--- ENTRIES SUPPLIED Enclosed Below ---

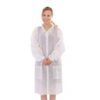Batas blancas con velcro y bolsas al frente Presentación: Caja con 50 Unidades.
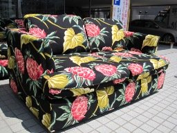 カウチの修理のご依頼を承りました。フレームも修理し、お客様持ち込みの布地でのクッション張り替えです。イメージがガラッと変わりました。
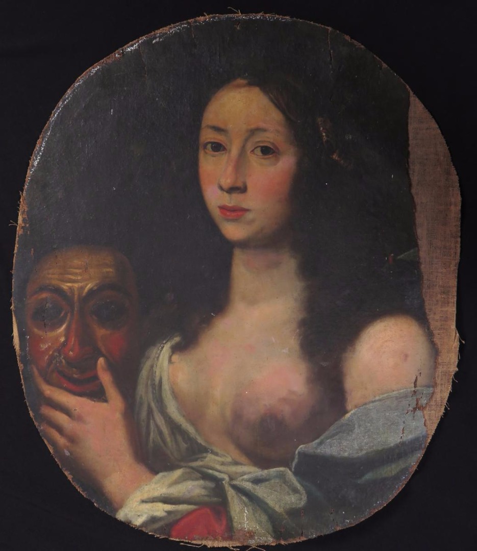 English School 18th Century Portrait of an actress holding a mask Oil on canvas
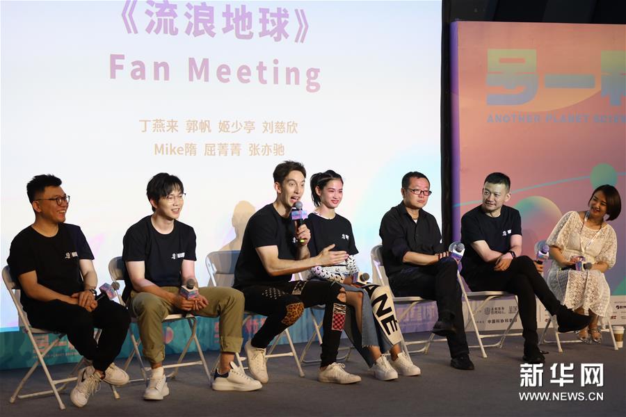 5月26日,电影《流浪地球》主创团队在“另一颗星球”科幻大会上与观众见面。新华社记者 孟鼎博 摄
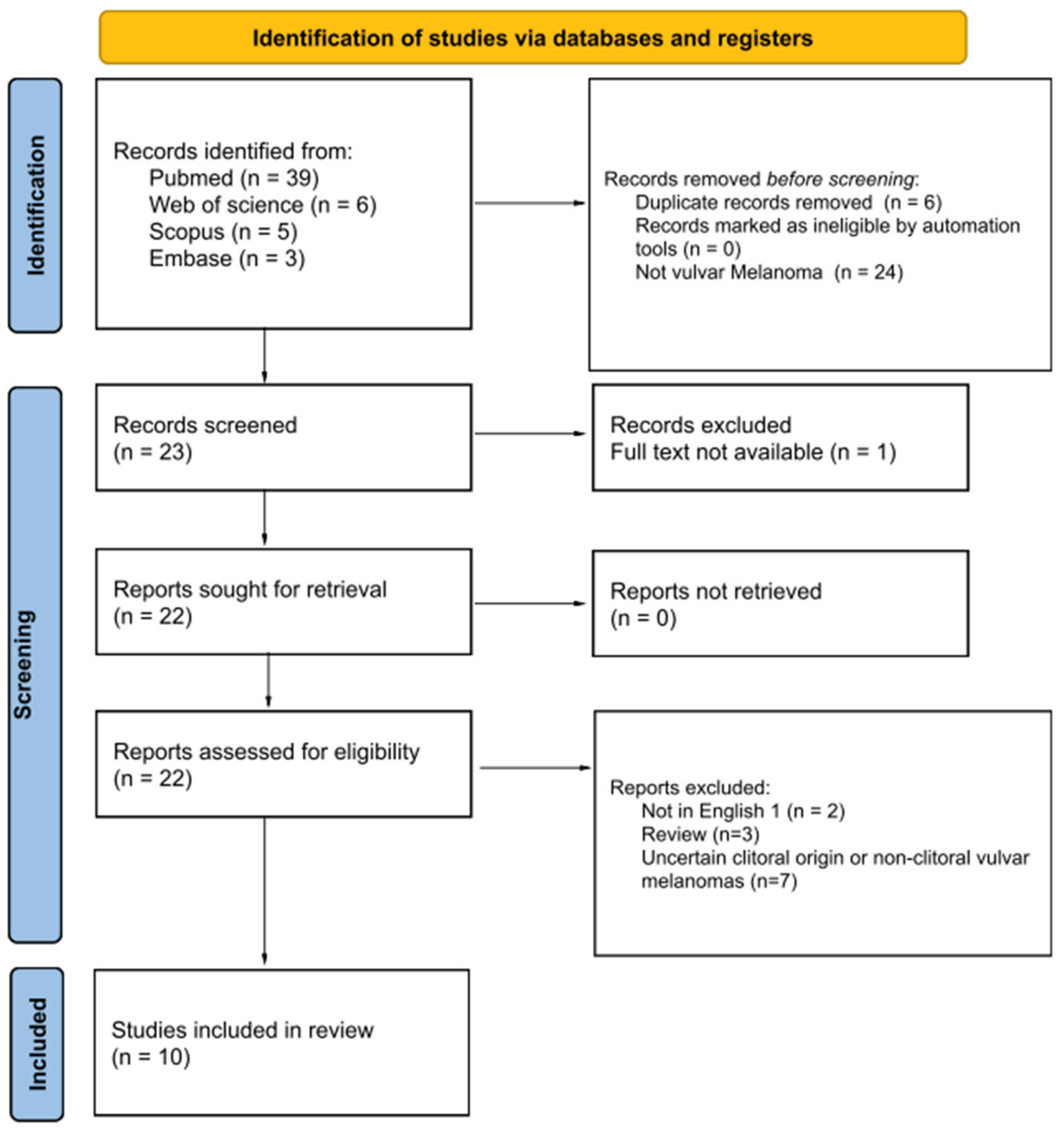Chicago/Turabian StylePitsillidi, Anna, Laura Vona, Guglielmo Stabile, and Günter Noé. 2026. "Primary Clitoral Melanoma: Personalized Therapeutic Strategies Informed by Clinical Evidence and Systematic Review" Journal of Personalized Medicine 16, no. 2: 70. https://doi.org/10.3390/jpm16020070
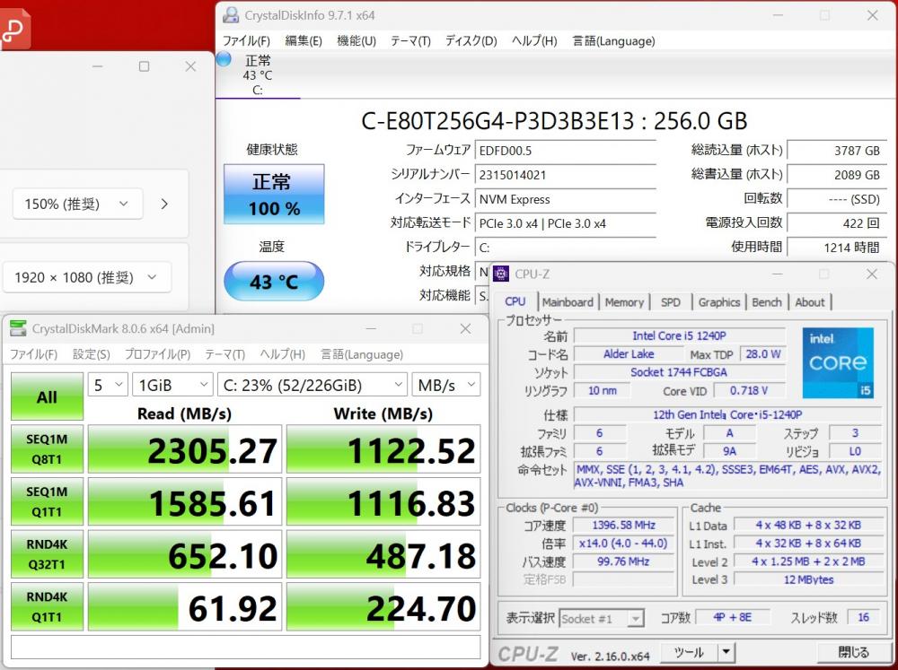 | CPU: 超高速 Intel 12コア 卓越性能 第12世代Core i5-1240P 1.7Ghz、 12コア16スレッド (ターボ・ブースト利用時の最大周波数 4.4GHz) |
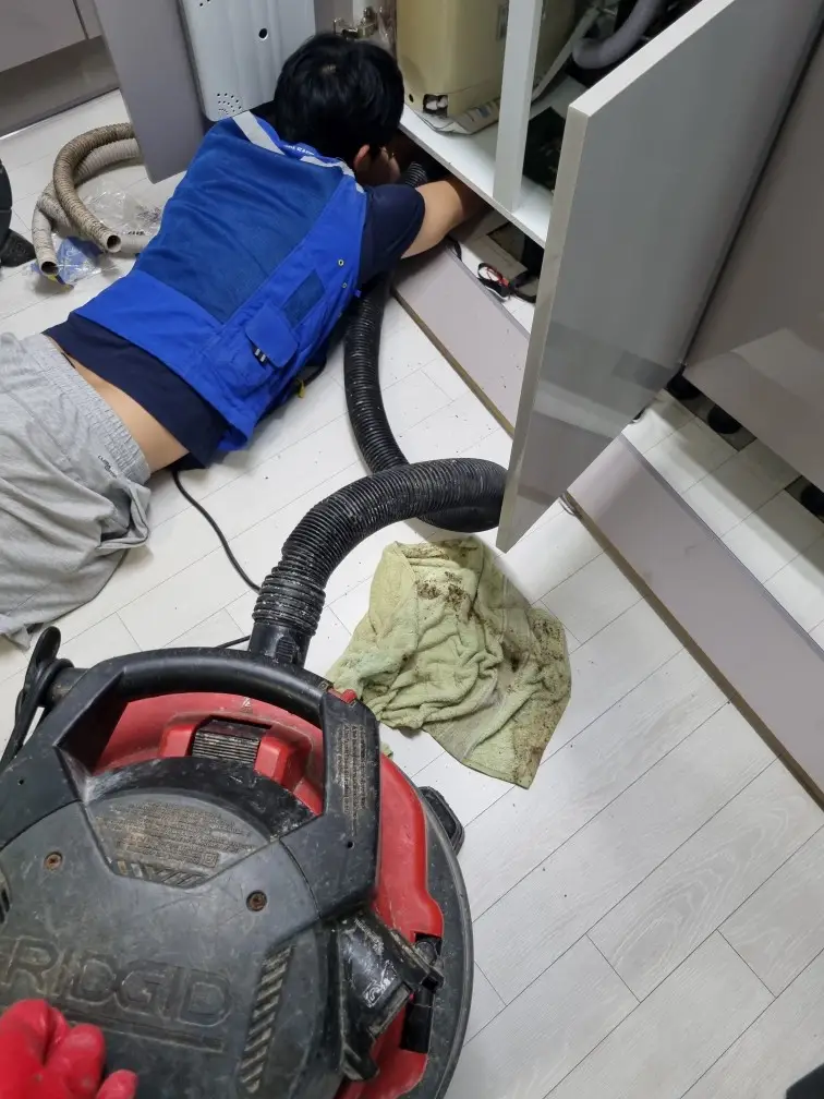 고압세척 과정에서 배수관 내부가 완전히 깨끗해졌는지 확인했습니다. 물이 원활하게 흐르고 배수관 내부에 이물질이 남아있지 않은 상태가 되었습니다. 이제 싱크대에서 물을 틀어도 막힘 없이 빠르게 배수되는 것을 확인할 수 있었습니다.
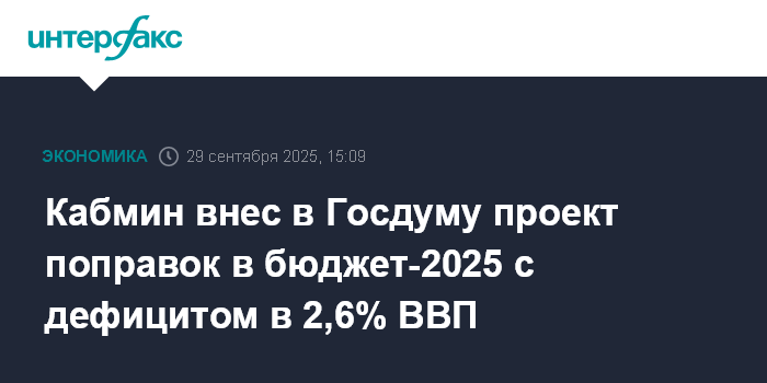 Москва. 29 сентября. INTERFAX.RU - В Госдуму поступил законопроект о внесении изменений в бюджет 2025 года, предусматривающий рост дефицита с 1,7% ВВП до 2,6% ВВП. Текст документа и сопровождающих материалов опубликован в базе нижней палаты парламента.

--- End of Enclosed ENTRIES SUPPLIED ---

- INSTRUCTIONS FOR THE TASK -
In your copy of the listing above, reproduce each line exactly and omit all pictures.

- TASK ANSWER -
Batas blancas con velcro y bolsas al frente Presentación: Caja con 50 Unidades.
 カウチの修理のご依頼を承りました。フレームも修理し、お客様持ち込みの布地でのクッション張り替えです。イメージがガラッと変わりました。
 English School 18th Century Portrait of an actress holding a mask Oil on canvas
 5月26日,电影《流浪地球》主创团队在“另一颗星球”科幻大会上与观众见面。新华社记者 孟鼎博 摄
Chicago/Turabian StylePitsillidi, Anna, Laura Vona, Guglielmo Stabile, and Günter Noé. 2026. "Primary Clitoral Melanoma: Personalized Therapeutic Strategies Informed by Clinical Evidence and Systematic Review" Journal of Personalized Medicine 16, no. 2: 70. https://doi.org/10.3390/jpm16020070
 | CPU: 超高速 Intel 12コア 卓越性能 第12世代Core i5-1240P 1.7Ghz、 12コア16スレッド (ターボ・ブースト利用時の最大周波数 4.4GHz) |
 고압세척 과정에서 배수관 내부가 완전히 깨끗해졌는지 확인했습니다. 물이 원활하게 흐르고 배수관 내부에 이물질이 남아있지 않은 상태가 되었습니다. 이제 싱크대에서 물을 틀어도 막힘 없이 빠르게 배수되는 것을 확인할 수 있었습니다.
 Москва. 29 сентября. INTERFAX.RU - В Госдуму поступил законопроект о внесении изменений в бюджет 2025 года, предусматривающий рост дефицита с 1,7% ВВП до 2,6% ВВП. Текст документа и сопровождающих материалов опубликован в базе нижней палаты парламента.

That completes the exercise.